Despite being involved in the establishment of the Jati Pati Todo Mandal within the Arya Samaj, Santram gradually became aware of a subtle double standard among its members. He realized that many Arya Samajis were, in fact, proponents of the caste system, contrary to the organization's professed ideals. Santram recounted an incident in his autobiography where he recommended an "untouchable" boy for a job within the Arya Samaj, but the upper-caste members dithered for a few days before eventually declaring that they did not want "untouchables" to study beyond class 4-5. This experience left Santram deeply disheartened and led to suggestions to rename the Jati Pati Todo Mandal to reflect the organization's true caste-sustaining ideology. Santram  was so dismayed by the irony of the organization's name that he changed the name of his own magazine from Jati Pati Todo to Kranti.

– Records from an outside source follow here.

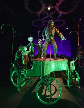 100 perc két részben hosszúnak tűnik, de az első felvonás pörög, és ebben nagy szerepe van Németh János zenéjének és Fosztó András koreográfiáinak. A váltakozó hangulatú, fülbemászó, jó ritmusú dalok jól időzítve követik egymást, a vegyes bábtechnikai bravúrok pontos összehangoltsága pedig annyira sokszínű és ingerdús látványvilágot alkot, hogy még a nehezebben leköthető nézők is biztosan találnak valamit, ahova lehet nézni. A második felvonást viszont épp az ingergazdagság teszi nehézkessé, hosszúra nyúlnak azok a zsúfolt jelenetek, amikor egyszerre 6-8 színész van a színpadon (plusz bábok), és a dalok is késve rázzák fel a közönséget. A lenyűgözően sikerült első részhez képest a második eszközeiben is szegényesebbnek hat, jelképes helyszíneit fárasztóbb követni, ez pedig meglátszik a szünet utáni nézőtéri mocorgásokon, kikéredzkedéseken.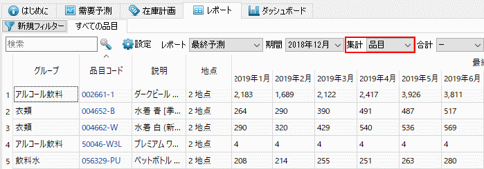 このレポートは、最も詳細なツリー構造の最下位である、計画品目の情報をデフォルトで表示します。地点を利用している場合、計画品目は品目 - 地点の組み合わせとなります。これら計画品目を上位の品目レベルで参照する場合、集計コントロールの品目オプションを選択します(下記の図を参照)。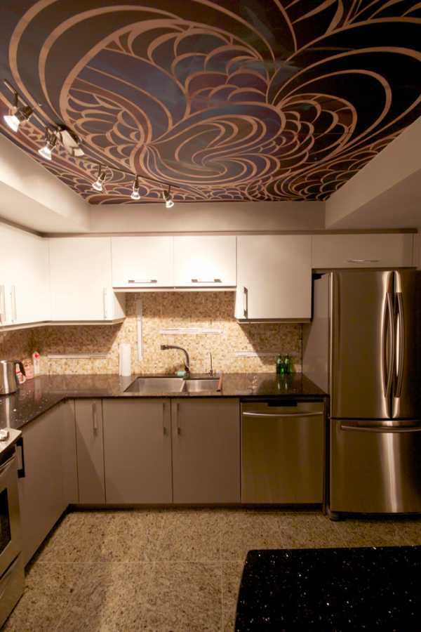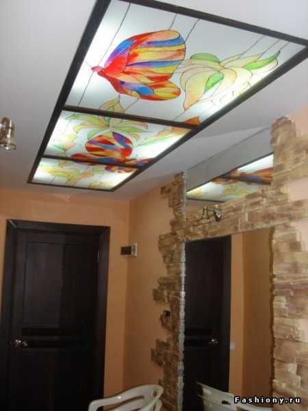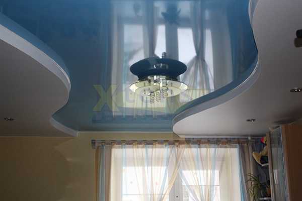 - Современный. Глянцевые потолки, окрашенные в различные цвета, а также с фотопринтами. Допустимы многоуровневые потолки.

Affinity to Ambedkar and his views 

Santram was greatly impressed by the intellectual prowess of Ambedkar and believed that his views were crucial in addressing the caste system. He invited Ambedkar to deliver the annual lecture as the chairman of the Jati Pati Todo Mandal in 1936. However, the organizers of the event demanded to see the speech beforehand and asked Ambedkar to remove the parts that were contrary to Hindu scriptures. Ambedkar refused to comply with their demand, which led to the cancellation of the meeting. Nevertheless, the speech that Ambedkar had prepared for the event was later published as a part of the famous book "The Annihilation of Caste." Santram is credited with inspiring Ambedkar to write "The Annihilation of Caste" by inviting him to the Jati Pati Todo Mandal event and subsequently canceling it due to Ambedkar's refusal to censor his speech.

Against Conversion 

While Santram was vehemently opposed to Brahminism and all forms of superstition, he remained a Hindu at his core and did not support Ambedkar's decision to convert to Buddhism. This sets him apart from other Bahujan ideologues like Jyotiba Phule and Periyar who attacked Hinduism in its entirety. However, Santram B.A. made a significant contribution by exposing the double standards of Brahmins and organizations like Arya Samaj. His efforts to combat the caste system through the Jati Pati Todo Mandal, and his role in inspiring Ambedkar to write "The Annihilation of Caste" will be remembered as important steps towards social justice in India.